La primera pregunta que se debe responder, sin embargo, es la de por qué escribir. No se trata, como inocentemente pueden pensar algunos, de una cuestión de vocación, o de alguna ambición, una meta por llegar a ser algún día un escritor. Como dice Onetti, aquellos que parten de cualquiera de estas equivocaciones mantienen, a fuerza de voluntad, el afán de ser escritores. Para ellos, libro tras libro, estilo tras estilo, moda tras moda, lo importante, la meta, es alcanzar nombradía, prestigio, popularidad.
La cuestión es más sencilla, pero de mayor trascendencia. Uno escribe porque siente el deseo imperativo de hacerlo, y no puede escapar de él, se trata de algo imposible de postergar. Vamos, afirma Onetti, es una necesidad. Hay que escribir sin pensar jamás en la crítica, en los amigos o parientes, en la dulce novia o esposa. Ni siquiera en el lector hipotético. Escribir, concluye Onetti, siempre para ese otro, silencioso e implacable, que llevamos dentro y no es posible engañar.
Si tu obra es buena, si es verdadera, tendrá su eco, su lugar, en seis meses, seis años, o después de ti. ¡Qué importa!... El escritor, nos recuerda Flaubert, no busca el reconocimiento ni la popularidad, eso no satisface sino a vanidades muy mediocres. Proust y Joyce fueron despreciados cuando asomaron la nariz, remata Onetti, hoy son genios.

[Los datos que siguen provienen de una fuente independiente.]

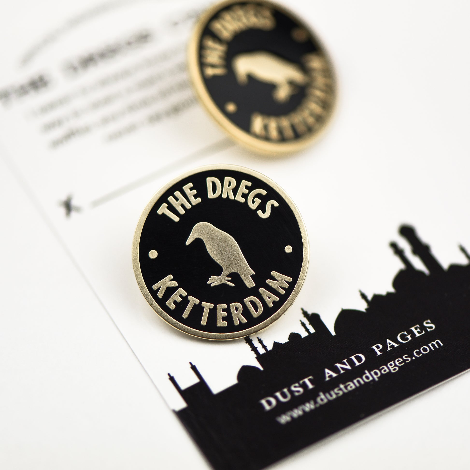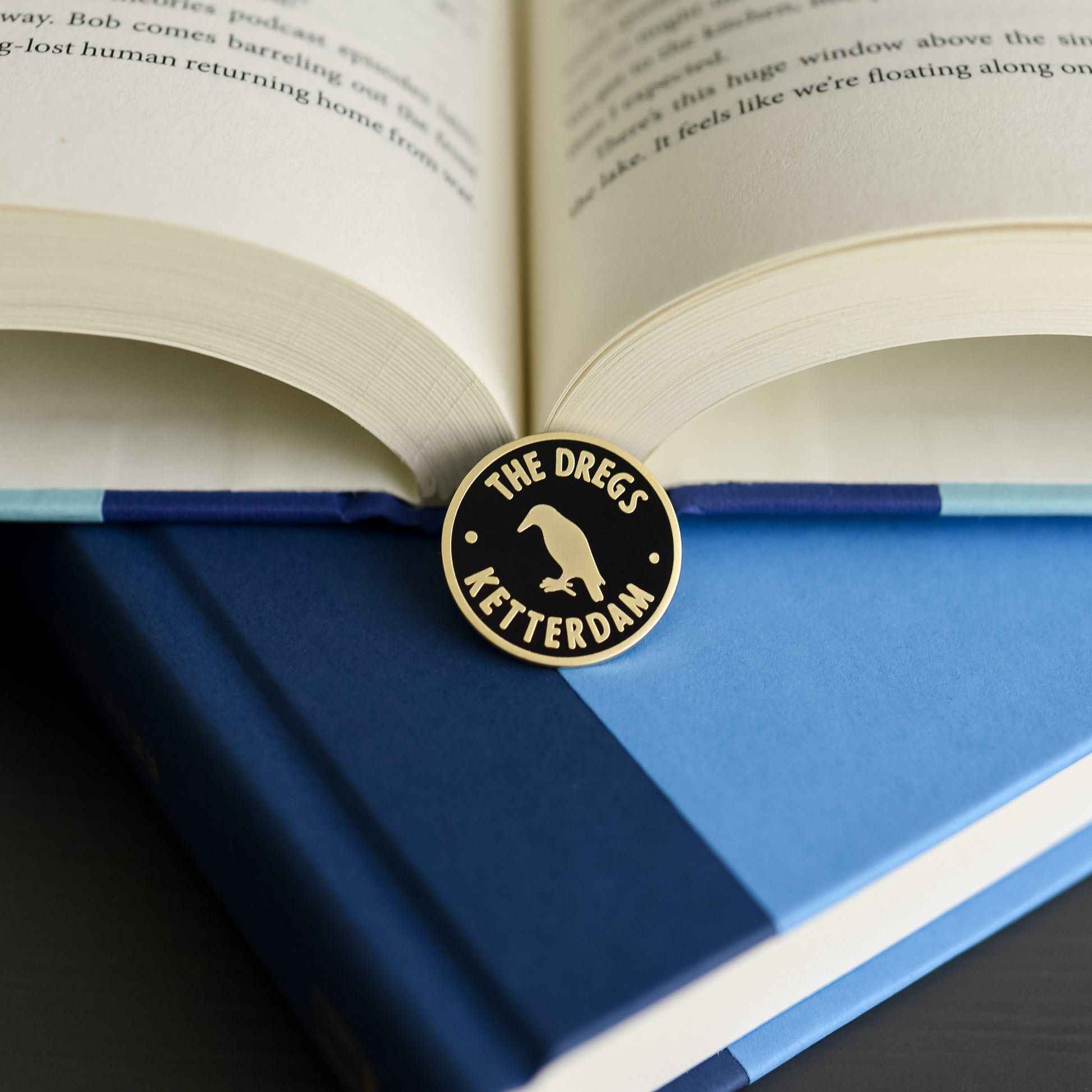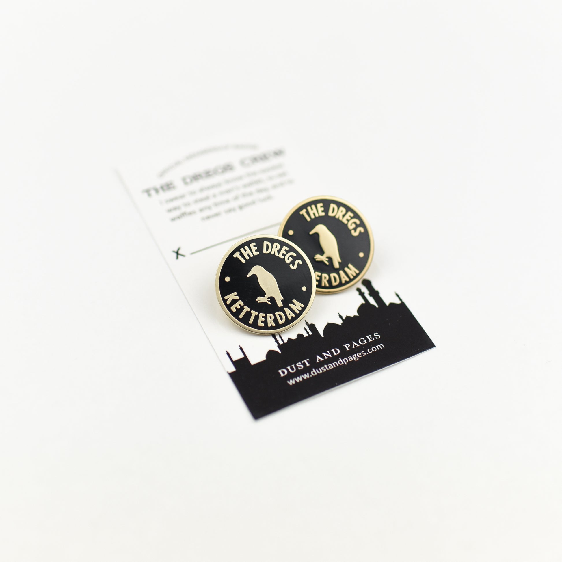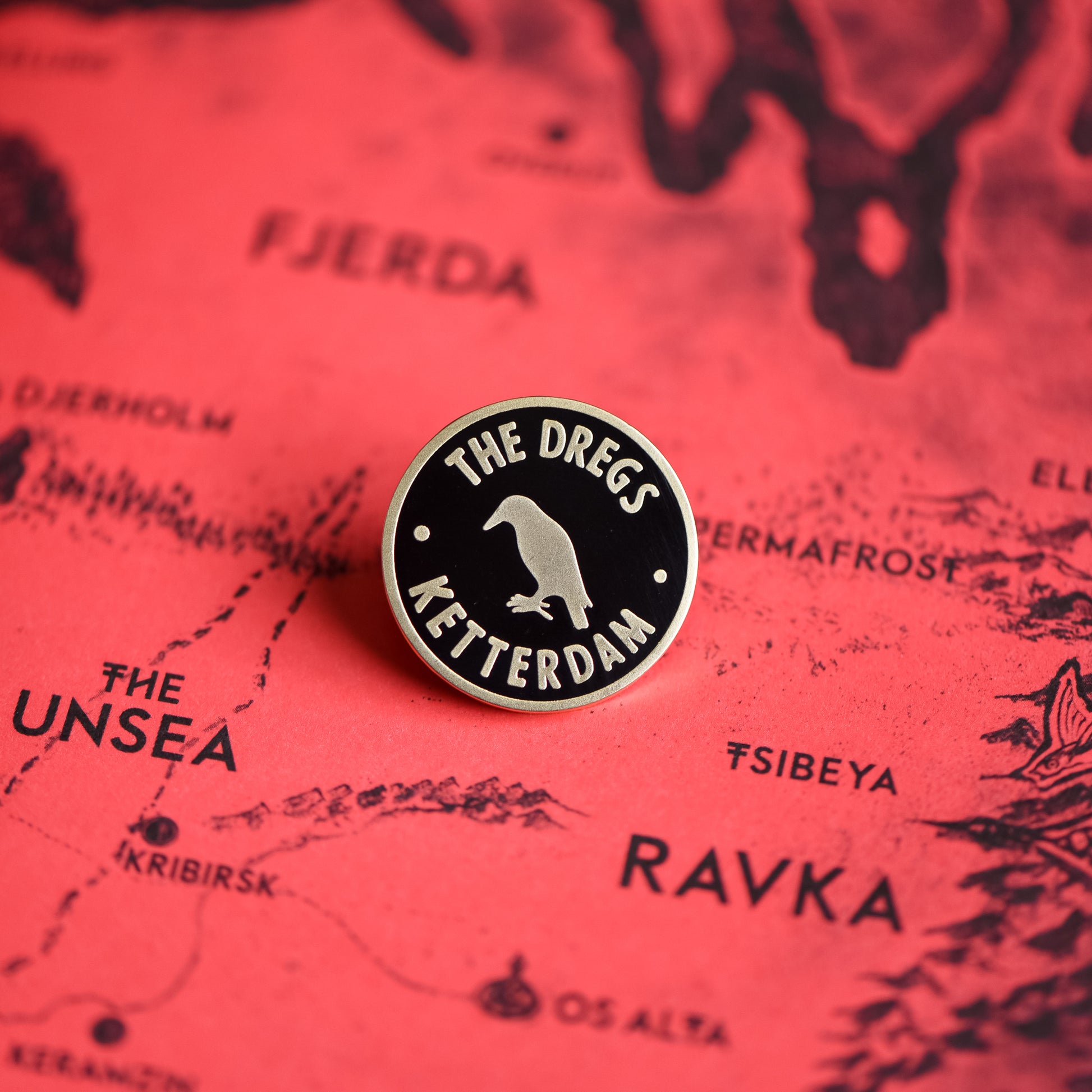 Show to the world you are a member of the Dregs crew, the greatest gang in Ketterdam. Must be worn especially while eating waffles or wearing a scheming face. This Six of Crows inspired pin is perfect for conventions, signings, or even cosplay!

Hasta aquí, la cuestión de ser publicado es poco menos que irrelevante. Pero, ¿quién no tiene algunas líneas para publicar? No ya porque sienta ese deseo impostergable e ineludible, esa necesidad; o porque alberga la creencia, en muchas ocasiones alimentada por los suyos, de ser bueno para escribir. No. Hemos alcanzado el punto en que se publica porque se puede hacerlo, y nada más. Es el triste despertar a una realidad desolada.